Reproduce every entry word for word. Drop all pictures from the copy.

Stored dataset items:
• • •

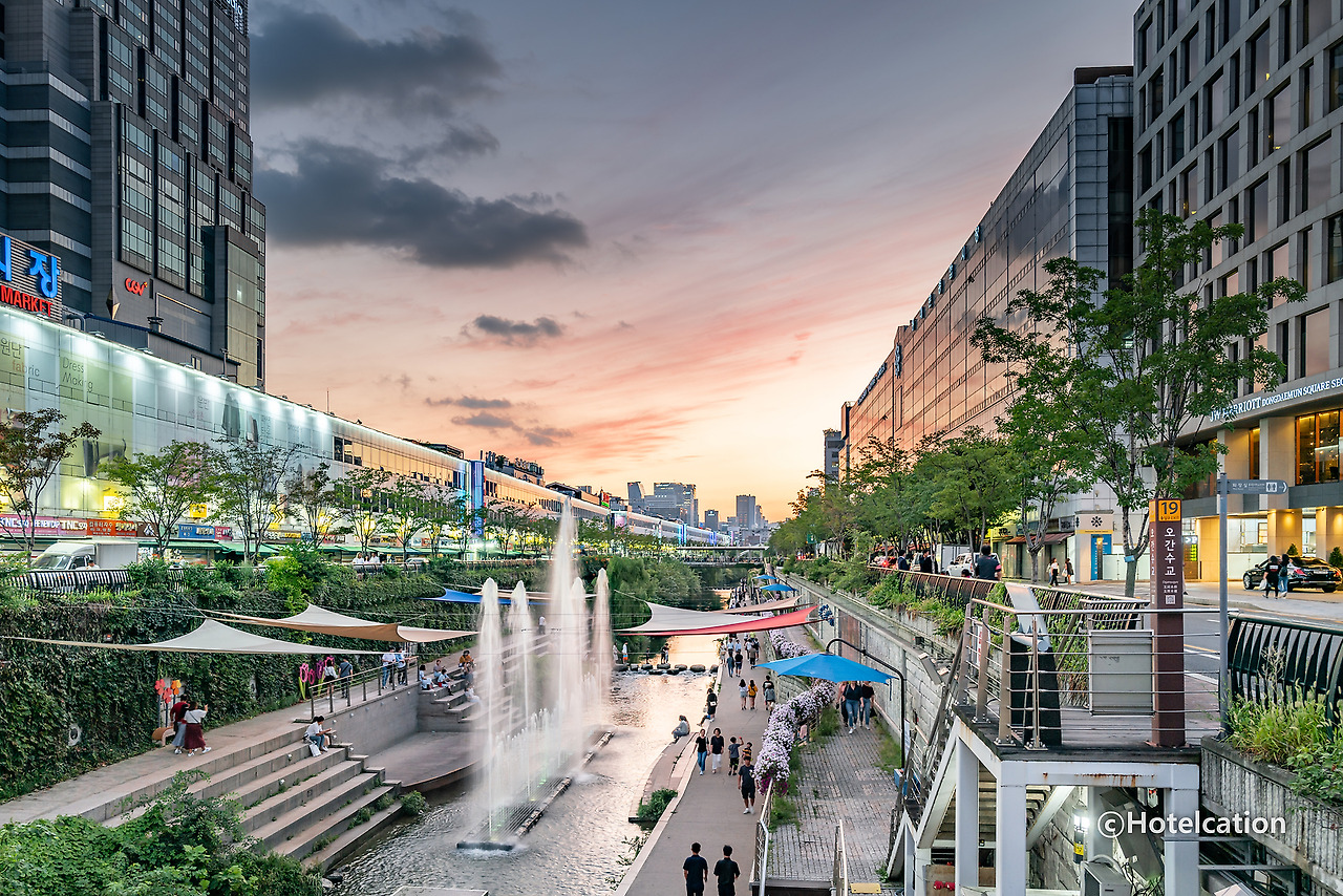 JW메리어트 동대문은 동대문역사문화공원역(DDP)과 동대문역 사이에 위치해 있습니다. 대중교통으로 이용하기도 편리하고 주차장도 넉넉하게 구비되어 있습니다. 특히 청계천과 바로 붙어 있어 산책하기 좋습니다.
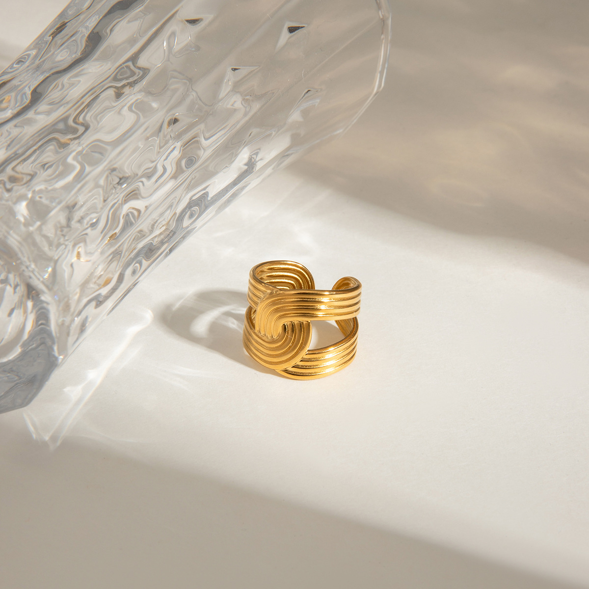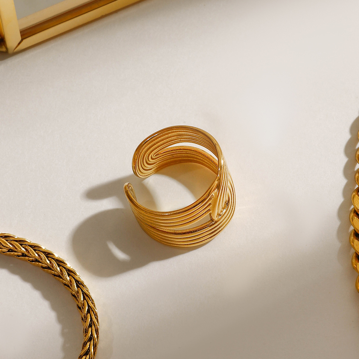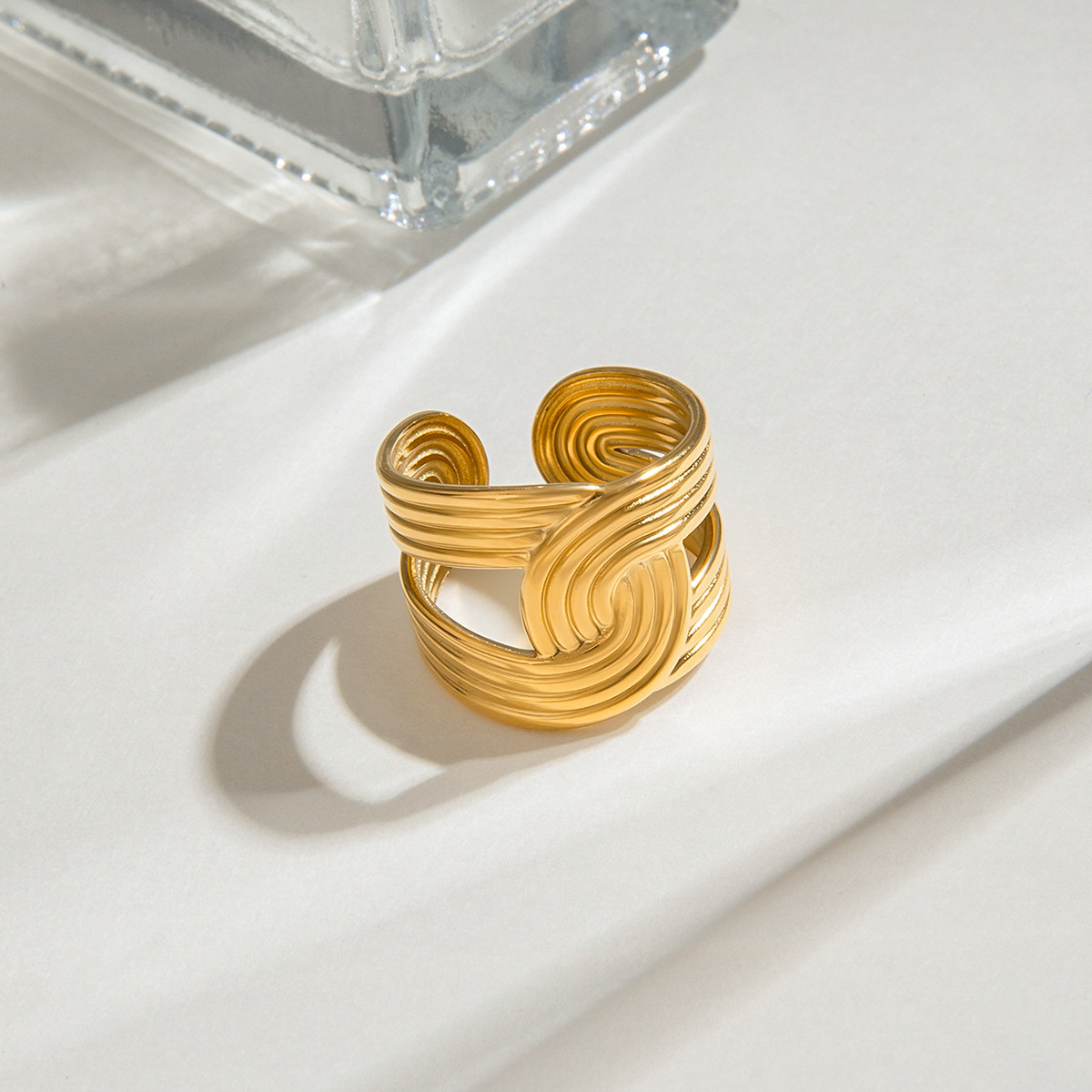 Vinger Ring in edelstaal, 304 roestvrij staal, plated, mode sieraden & voor vrouw & hol, gouden, Verkocht door PC
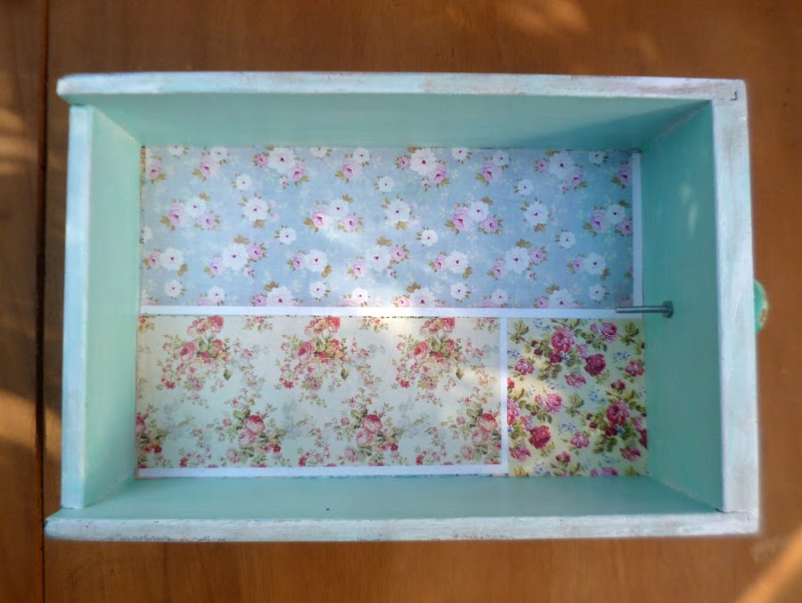 El tirador fue cambiado por otro de madera pintado de verde azulado y el interior recibió un aguada del mismo color.
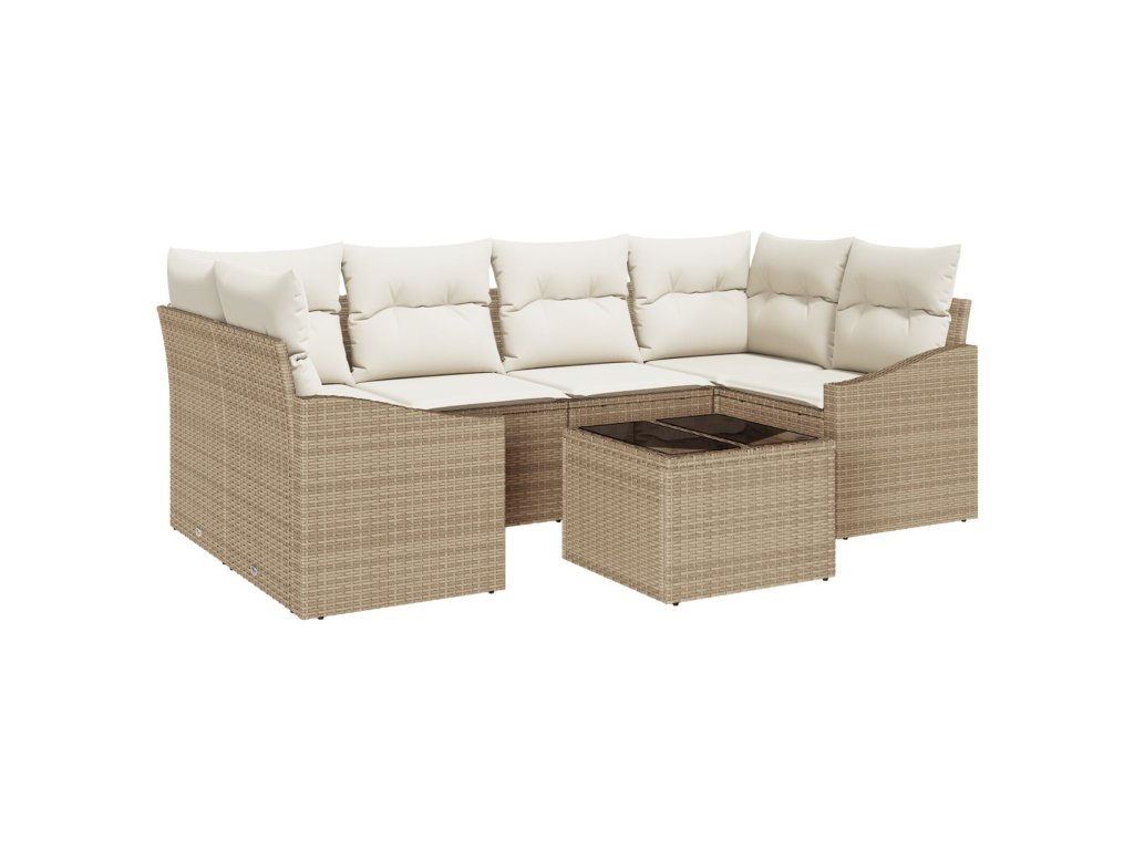 Set pohovek s polštářem 7 pcs Béžová a krémová polyratan
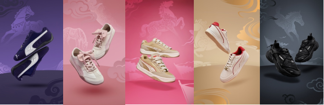 延续“骏马”奔腾的美好意象,本季鞋履系列从中国历史传奇人物的坐骑中汲取灵感,将五款经典鞋型凝炼为五款独特的“五骏迎春”:SPEEDCAT 以「飒露紫」的天骄之姿为设计灵感,采用静谧的紫霭配色体现别样的凌厉之美;BELLA UT 自带温润干净的辨识度,以清透粉色为主调,呈现「玉狮子」的灵动与秀气;PARK LIFESTYLE 将金棕底色叠加赤金纹理,呈现「赤兔」经典又热烈的双重气质;CAVEN III 则身披金缎,附着金黄流线构筑轻奢视觉,如同「黄骠马」般蹄踏流星;RS LITE 提炼墨色中的深邃气场,将「乌骓」的破局者身份展现地淋漓尽致。五骏齐驱,竞跃奔腾,PUMA 多样鞋履尽显先锋态度与美好寓意,激励年轻一代以骏马之激情、赛车之动力开启新程。
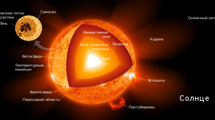 Внутреннее строение Солнца Диаграмма внутреннего строения Солнца. Солнечное ядро Основная статья: Солнечное ядро Центральная часть Солнца с радиусом примерно 150—175 тыс. км (то есть 20—25 % от радиуса Солнца), в которой идут термоядерные реакции, называется солнечным ядром. Плотность вещества в ядре составляет примерно 150 000 кг/м³ (в 150 раз выше плотности воды и в ~6,6 раз выше плотности самого плотного металла на Земле — осмия), а температура в центре ядра — более 14 млн К. Анализ данных, проведённый...
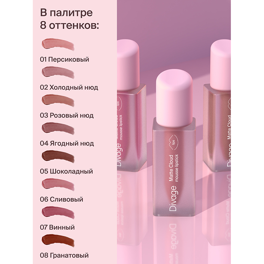 Помада для губ `DIVAGE` MATTE CLOUD жидкая матовая тон 02 Rose shadow
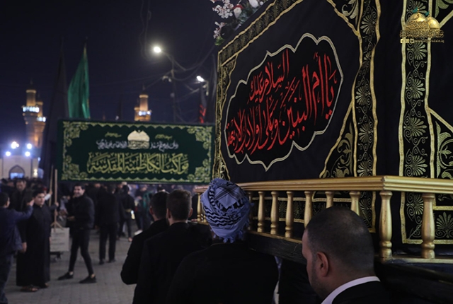 وشارك تلك الجموع المعزّية موكب خدّام الإمامين الجوادين "عليهما السلام"، بعدها تجمهرت المواكب المعزّية في رواق سيدنا عبد الله بن عبد المطلب "عليه السلام" لتختتم مسيرتها بمجلس تأبيني مستذكرين خلاله مآثرها "عليها السلام" وأبعاد مسيرتها الإنسانية والإيمانية والرسالية والاجتماعية، ودورها الكبير في حياة الأمة وتضحياتها بالغالي والنفيس وجهادها المرير، ومواقفها الصلبة في الحفاظ على مفهوم المسيرة المحمدية، ثم ابتهل المعزّون إلى الله العليّ القدير بالدعاء بتعجيل فرج مولانا القائم من آل محمد "عجل الله فرجه الشريف"، وأن يرحم شهداءنا، وأن يعم الأمن والأمان على بلدنا العزيز وشعبنا الأبي الصابر.
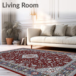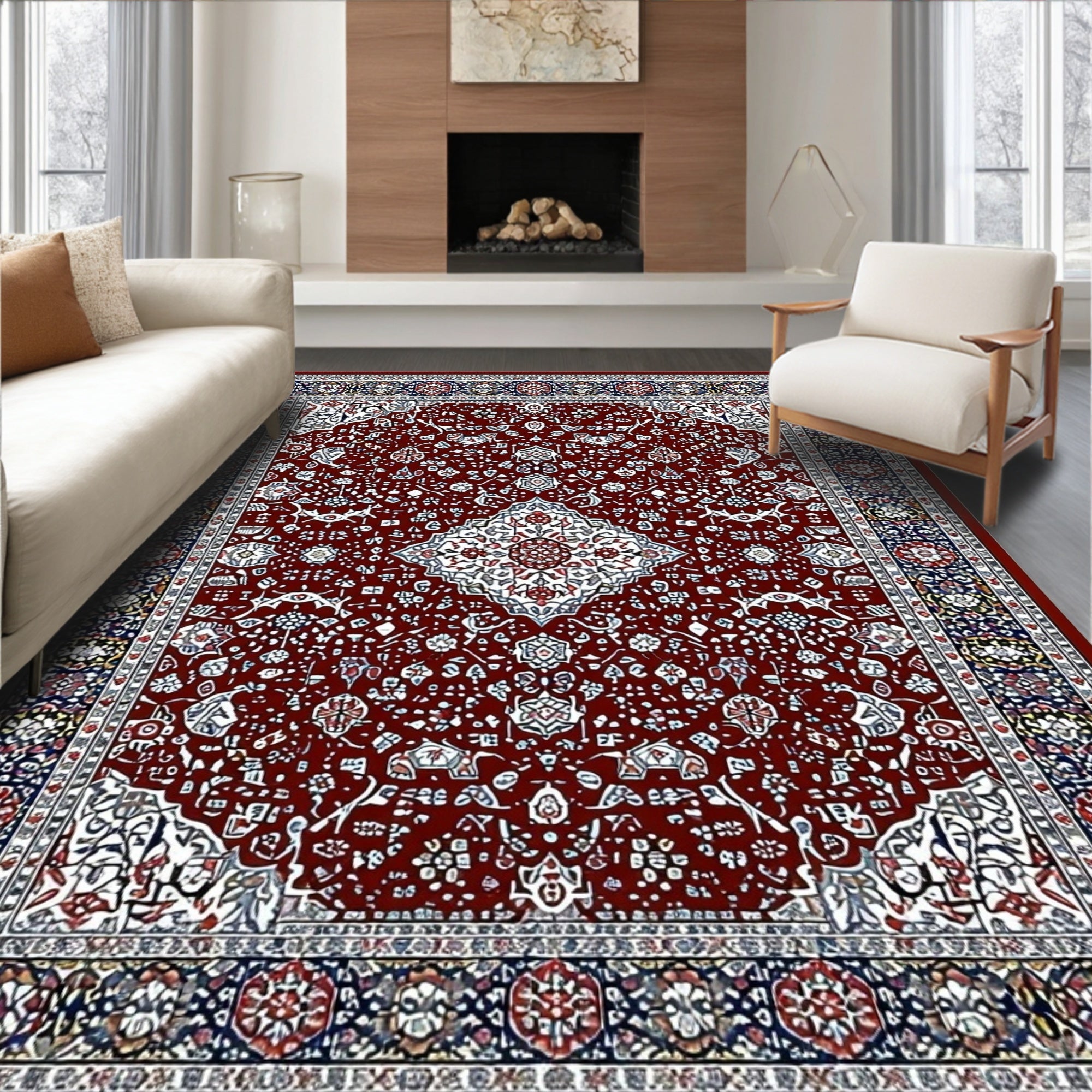 Flatwoven High Traffic Area Rug, Geometric Medallion Decorative, Non Slip, Stain Resistant, Washable Area Rugs for Living Room, Bedroom (Red) Overview:
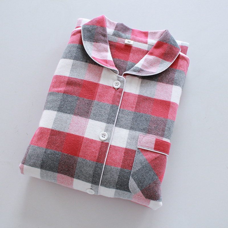 Spring Autumn Day Department Full Cotton Flannel Sleepwear Woman Long Sleeve Korean Version Plaid Pure Cotton Autumn Winter Mill Fur Warm Home Suit Suit
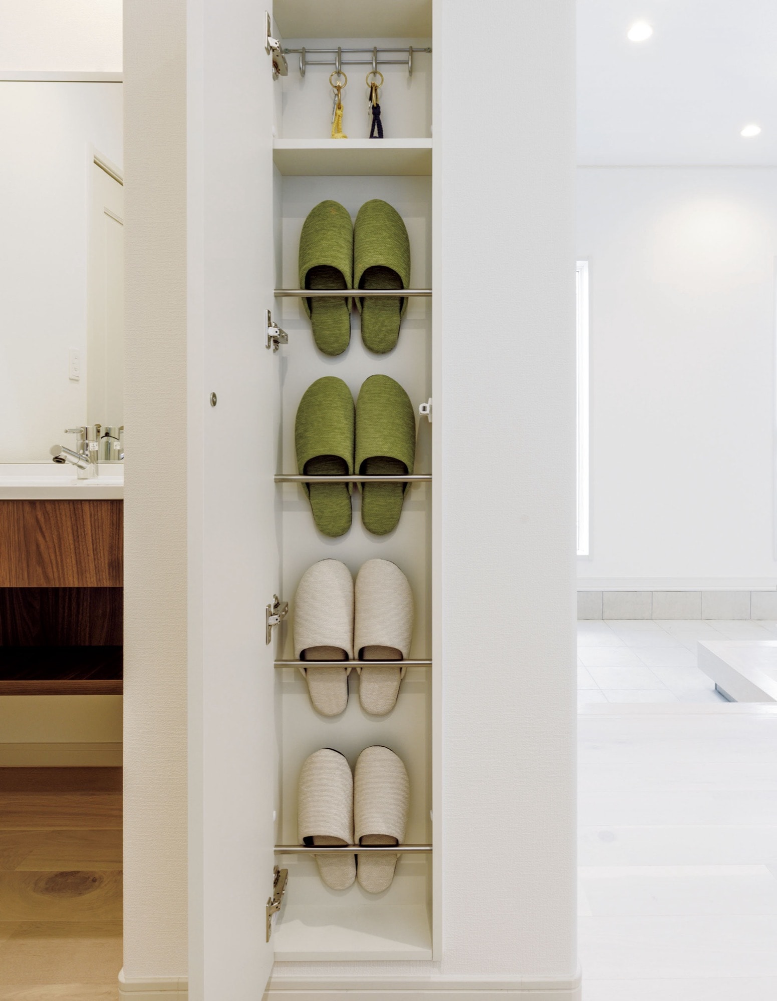 ▶︎壁に埋め込み式の収納ならスリッパ収納にも注目
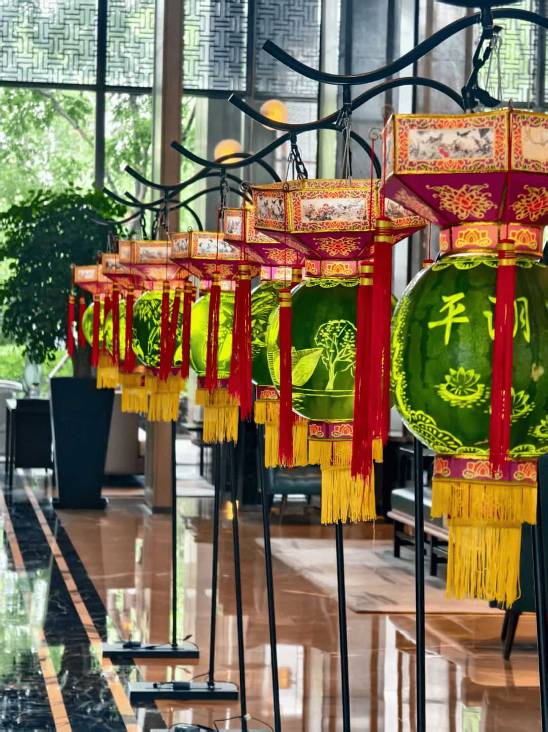 有一个镜头,在那儿,快看,我们把西瓜灯带上了春晚!

• • •

- **SOLUTION TO THE EXERCISE**:
 JW메리어트 동대문은 동대문역사문화공원역(DDP)과 동대문역 사이에 위치해 있습니다. 대중교통으로 이용하기도 편리하고 주차장도 넉넉하게 구비되어 있습니다. 특히 청계천과 바로 붙어 있어 산책하기 좋습니다.
 Vinger Ring in edelstaal, 304 roestvrij staal, plated, mode sieraden & voor vrouw & hol, gouden, Verkocht door PC
 El tirador fue cambiado por otro de madera pintado de verde azulado y el interior recibió un aguada del mismo color.
 Set pohovek s polštářem 7 pcs Béžová a krémová polyratan
 延续“骏马”奔腾的美好意象,本季鞋履系列从中国历史传奇人物的坐骑中汲取灵感,将五款经典鞋型凝炼为五款独特的“五骏迎春”:SPEEDCAT 以「飒露紫」的天骄之姿为设计灵感,采用静谧的紫霭配色体现别样的凌厉之美;BELLA UT 自带温润干净的辨识度,以清透粉色为主调,呈现「玉狮子」的灵动与秀气;PARK LIFESTYLE 将金棕底色叠加赤金纹理,呈现「赤兔」经典又热烈的双重气质;CAVEN III 则身披金缎,附着金黄流线构筑轻奢视觉,如同「黄骠马」般蹄踏流星;RS LITE 提炼墨色中的深邃气场,将「乌骓」的破局者身份展现地淋漓尽致。五骏齐驱,竞跃奔腾,PUMA 多样鞋履尽显先锋态度与美好寓意,激励年轻一代以骏马之激情、赛车之动力开启新程。
 Внутреннее строение Солнца Диаграмма внутреннего строения Солнца. Солнечное ядро Основная статья: Солнечное ядро Центральная часть Солнца с радиусом примерно 150—175 тыс. км (то есть 20—25 % от радиуса Солнца), в которой идут термоядерные реакции, называется солнечным ядром. Плотность вещества в ядре составляет примерно 150 000 кг/м³ (в 150 раз выше плотности воды и в ~6,6 раз выше плотности самого плотного металла на Земле — осмия), а температура в центре ядра — более 14 млн К. Анализ данных, проведённый...
 Помада для губ `DIVAGE` MATTE CLOUD жидкая матовая тон 02 Rose shadow
 وشارك تلك الجموع المعزّية موكب خدّام الإمامين الجوادين "عليهما السلام"، بعدها تجمهرت المواكب المعزّية في رواق سيدنا عبد الله بن عبد المطلب "عليه السلام" لتختتم مسيرتها بمجلس تأبيني مستذكرين خلاله مآثرها "عليها السلام" وأبعاد مسيرتها الإنسانية والإيمانية والرسالية والاجتماعية، ودورها الكبير في حياة الأمة وتضحياتها بالغالي والنفيس وجهادها المرير، ومواقفها الصلبة في الحفاظ على مفهوم المسيرة المحمدية، ثم ابتهل المعزّون إلى الله العليّ القدير بالدعاء بتعجيل فرج مولانا القائم من آل محمد "عجل الله فرجه الشريف"، وأن يرحم شهداءنا، وأن يعم الأمن والأمان على بلدنا العزيز وشعبنا الأبي الصابر.
 Flatwoven High Traffic Area Rug, Geometric Medallion Decorative, Non Slip, Stain Resistant, Washable Area Rugs for Living Room, Bedroom (Red) Overview:
 Spring Autumn Day Department Full Cotton Flannel Sleepwear Woman Long Sleeve Korean Version Plaid Pure Cotton Autumn Winter Mill Fur Warm Home Suit Suit
 ▶︎壁に埋め込み式の収納ならスリッパ収納にも注目
 有一个镜头,在那儿,快看,我们把西瓜灯带上了春晚!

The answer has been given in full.